Some have compared Attal to Woody Allen here, but that’s a stretch. He’s handsome and sexy which Allen isn’t, particularly. Allen has the most keenly developed sense of irony in filmdom and a finely honed wit; Attal isn’t in his league on that score. But Attal does find the wryly comedic moments, both in his screenwriting and in his performance. He catches the subtle innuendoes between husband and wife, sometimes in words, sometimes just in the looks on their faces.

Gainsbourg (The Cement Garden, La Buche) largely plays the "straight man" here to Yvan’s comic turns; she’s charming and there is genuine screen chemistry between them.

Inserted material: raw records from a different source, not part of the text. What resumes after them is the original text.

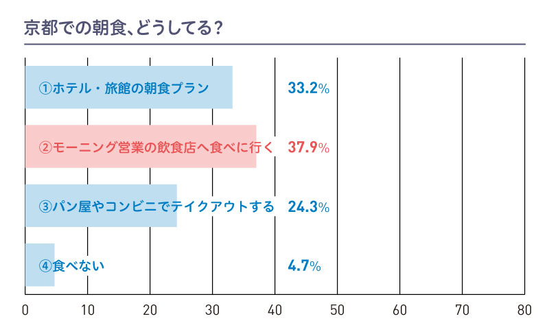 「モーニング営業の飲食店へ食べに行く」という方が最も多いですが、「ホテル・旅館の朝食プラン」や「パン屋やコンビニでのテイクアウト」をする方も見られました。喫茶店のモーニングや、美味しいパン屋さんが多いのは京都の特徴のひとつです。散歩がてらパン屋さんに立ち寄る方や、朝ラーメンを楽しむ方もいらっしゃいました。バラエティに富んだ朝食が楽しめることも京都の魅力ですね。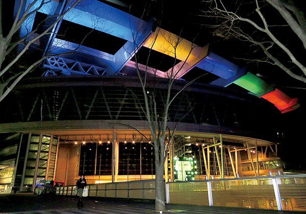 五輪イヤーの幕開け祝うライトアップ さいたまSアリーナ、五輪カラーの5色に輝く 31日まで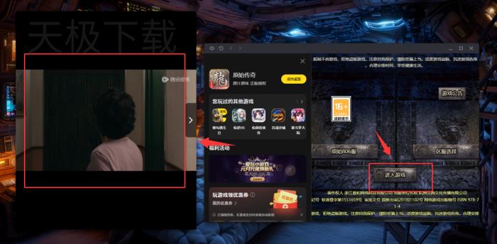4.此时会出现视频播放页面和游戏页面两个画面,点击【进入游戏】。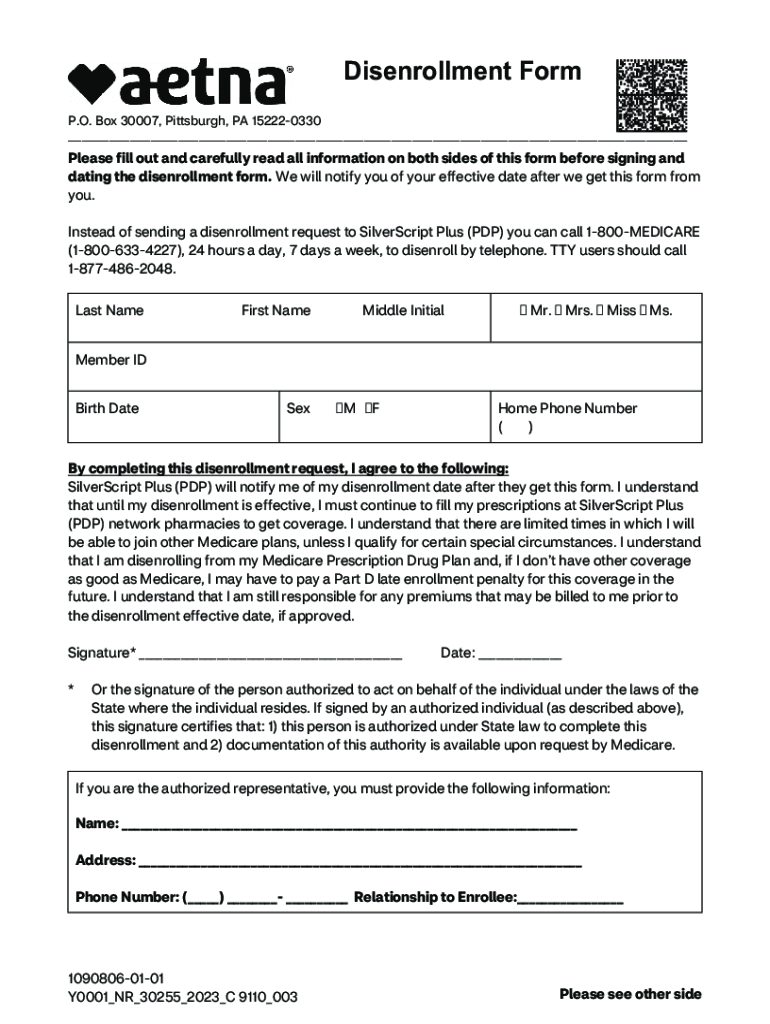 Get the free Disenrollment Form - SmartRx - English - Aetna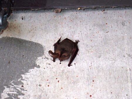昼頃、標茶区管理棟の前を歩いていると、何かがひらひらと舞うように飛んでおり、よく見るとコウモリでした。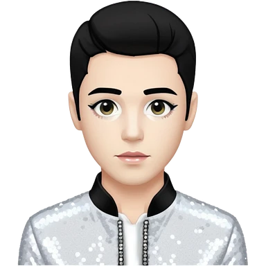 Sugar Bones, Male Electropop Singer from Confidence Man with black hair with white highlights, white sequin outfit emoji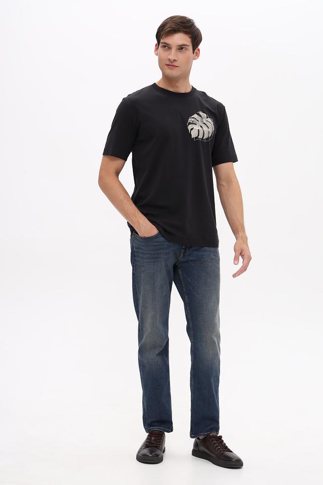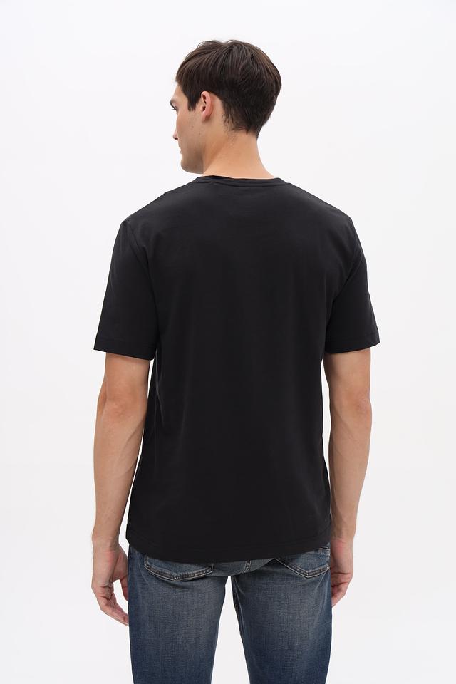 Футболка имеет классический прямой крой, который подходит для любого типа фигуры. Цвет – насыщенный чёрный, что делает её универсальным элементом гардероба.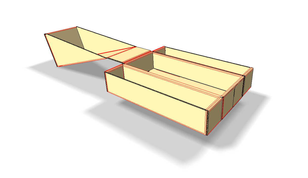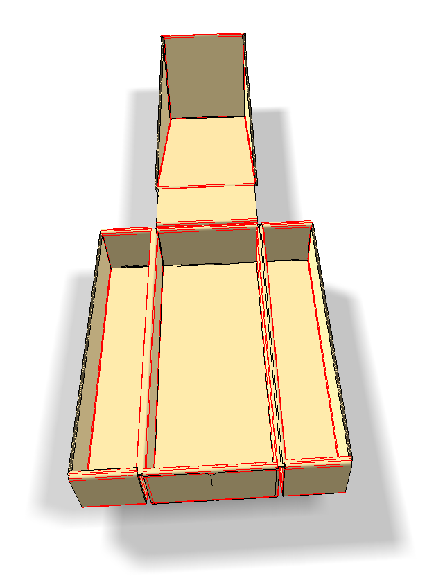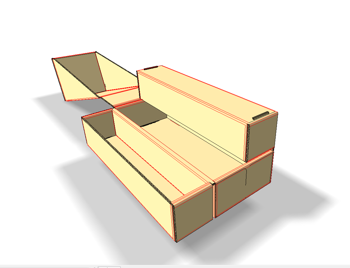 La forma del nostre pack, com ja us haureu adonat compte per les fotografies, ha canviat, ha deixat de ser cúbica per ser més allargada i rectangular(40 x 15 x 15 cm). L’interior es divideix en dos pisos, el superior dividit per dues peces adderides al laterals del pack, i el pis inferior que es composa de una sola estructura. Els motors aniràn en les dues parts mòbils superiors, junt amb peces, tot això dividit per dos compartiments. I a la part inferior es trovarà l’avantbraç aixecat a la part del mig, que ens servirà per separar l’estructura, fent la funció de costella. I a la resta de l’espai hi hauràn més costelles fetes amb microcanal per tal de distribuïr les peces de diferents mides.

Terrence Stamp (The Limey, Bowfinger) seems stiff and miscast as Charlotte’s leading man; the lines he’s provided are so banal that it sometimes seems like he’s in another film.

Attal includes a running subplot with Yvan’s pregnant sister, Nathalie (Noemie Lvovsky) and her husband (Laurent Batteau). She is Jewish and insists that their incipient heir be circumcised; he’s Gentile and wants his son "to look like him." It’s also an opening for baby-naming jokes and a wry scene with Yvan and Nathalie at their parents’ for dinner. The second couple acts as a foil for the first; the ordinary kinds of conflict and problems that they confront in their marriage contrast with the more rarified venue of movie star jealousies.

Attal also finds other targets for amusing jabs–acting classes, movie directors, disco doormen–but after a while the content begins to seem stretched a bit thin, even at 93 minutes running time. He also has an eye for the arresting image–the couple kissing in a street with the Pompidou cropped in the background–and nicely avoids the visual cliches of the London and Paris locations. The jazz score by Brad Mehldau is perfectly suited to the material.

In the end, it is the charm of the two leads that carries My Wife is an Actress, which is as light and fluffy as a Meringue Royale.